1 School of Aging Studies, University of South Florida, Tampa, FL, USA.
2 Department of Human Development and Family Studies, Pennsylvania State University, University Park, PA, USA.
Res Aging. 2019 Oct;41(9):823-844. doi: 10.1177/0164027519858716. Epub 2019 Jun 23.

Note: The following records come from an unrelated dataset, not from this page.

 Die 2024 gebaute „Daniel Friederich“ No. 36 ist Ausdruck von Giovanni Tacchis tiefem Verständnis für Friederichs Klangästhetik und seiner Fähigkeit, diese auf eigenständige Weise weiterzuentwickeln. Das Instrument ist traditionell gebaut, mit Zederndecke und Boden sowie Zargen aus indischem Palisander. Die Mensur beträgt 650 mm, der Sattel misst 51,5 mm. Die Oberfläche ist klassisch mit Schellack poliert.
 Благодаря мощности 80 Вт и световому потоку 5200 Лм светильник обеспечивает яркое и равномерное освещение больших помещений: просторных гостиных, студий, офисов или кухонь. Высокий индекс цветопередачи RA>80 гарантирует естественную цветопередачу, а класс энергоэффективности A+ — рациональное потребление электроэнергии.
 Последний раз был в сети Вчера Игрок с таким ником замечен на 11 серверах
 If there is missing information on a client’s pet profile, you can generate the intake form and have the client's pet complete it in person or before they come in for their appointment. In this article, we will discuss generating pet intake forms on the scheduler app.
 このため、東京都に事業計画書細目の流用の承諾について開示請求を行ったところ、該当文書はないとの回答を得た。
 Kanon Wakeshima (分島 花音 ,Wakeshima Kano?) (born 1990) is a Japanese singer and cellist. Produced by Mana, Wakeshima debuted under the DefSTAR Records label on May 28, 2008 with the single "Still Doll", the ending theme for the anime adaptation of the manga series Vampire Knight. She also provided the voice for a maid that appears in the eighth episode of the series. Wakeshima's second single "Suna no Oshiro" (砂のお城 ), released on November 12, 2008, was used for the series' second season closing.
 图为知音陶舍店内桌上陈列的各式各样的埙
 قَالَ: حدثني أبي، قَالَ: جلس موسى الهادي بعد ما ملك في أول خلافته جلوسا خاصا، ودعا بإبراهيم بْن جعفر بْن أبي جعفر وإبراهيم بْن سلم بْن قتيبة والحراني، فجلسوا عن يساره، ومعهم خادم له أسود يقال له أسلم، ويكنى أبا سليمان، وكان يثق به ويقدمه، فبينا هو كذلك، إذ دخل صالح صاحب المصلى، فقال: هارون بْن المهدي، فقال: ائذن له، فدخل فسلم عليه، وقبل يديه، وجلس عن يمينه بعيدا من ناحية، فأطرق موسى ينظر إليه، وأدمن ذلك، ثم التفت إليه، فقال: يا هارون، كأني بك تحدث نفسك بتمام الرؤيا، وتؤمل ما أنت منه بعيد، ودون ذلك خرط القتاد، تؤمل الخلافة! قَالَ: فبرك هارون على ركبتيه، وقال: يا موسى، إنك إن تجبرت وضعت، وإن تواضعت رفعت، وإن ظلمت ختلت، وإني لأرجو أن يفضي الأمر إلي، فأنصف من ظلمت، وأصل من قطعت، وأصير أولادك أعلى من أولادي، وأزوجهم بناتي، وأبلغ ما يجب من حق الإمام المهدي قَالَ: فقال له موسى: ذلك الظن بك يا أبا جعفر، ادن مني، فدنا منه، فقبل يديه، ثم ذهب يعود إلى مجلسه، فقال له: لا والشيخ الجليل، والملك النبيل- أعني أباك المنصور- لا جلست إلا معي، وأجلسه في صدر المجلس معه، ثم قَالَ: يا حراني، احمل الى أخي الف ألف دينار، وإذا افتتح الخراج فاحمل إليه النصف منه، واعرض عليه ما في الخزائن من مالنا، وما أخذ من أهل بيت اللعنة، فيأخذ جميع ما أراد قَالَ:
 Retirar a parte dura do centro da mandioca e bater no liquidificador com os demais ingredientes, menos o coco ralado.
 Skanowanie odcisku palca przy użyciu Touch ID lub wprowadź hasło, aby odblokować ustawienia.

This study examined racial, ethnic, and other factors associated with whether older adults discussed their end-of-life (EOL) care wishes with family. A sample of 223 White, 95 African American, and 46 Hispanic adults aged 50 and older from a five-county area of Florida answered questions about sociodemographics, health, and preferences for involving family/friends in health-care decision-making. Analyses describe associations between whether discussions occurred and race/ethnicity and other factors, including preferences for family/friend involvement in health care. In descriptive analyses, one third ( = 113) had not discussed EOL care. No differences were evident between African Americans and non-Hispanic Whites. In multivariate analyses, EOL care discussions were less likely for Hispanics. Further analysis showed this lower likelihood existed among Hispanics with lesser family/friend involvement. Ethnicity influences EOL care discussion, moderated by family/friend involvement, though results are considered preliminary. Knowing the involvement of patients' family/friends could help providers initiate EOL care discussions.
本研究调查了与老年人是否与家人讨论其临终(EOL)护理意愿相关的种族、民族和其他因素。佛罗里达州五个县的一个样本,包括 223 名白人、95 名非裔美国人和 46 名西班牙裔成年人,年龄在 50 岁及以上,回答了关于社会人口统计学、健康状况以及参与家庭/朋友进行医疗决策的偏好的问题。分析描述了讨论是否发生与种族/民族和其他因素之间的关联,包括对家庭/朋友参与医疗保健的偏好。在描述性分析中,三分之一(=113)人没有讨论过 EOL 护理。非裔美国人和非西班牙裔白人之间没有明显差异。在多变量分析中,西班牙裔人进行 EOL 护理讨论的可能性较小。进一步的分析表明,在家庭/朋友参与度较低的西班牙裔人中,这种可能性较低。尽管结果被认为是初步的,但族裔会影响 EOL 护理讨论,受家庭/朋友参与度的影响。了解患者的家人/朋友的参与程度可以帮助提供者启动 EOL 护理讨论。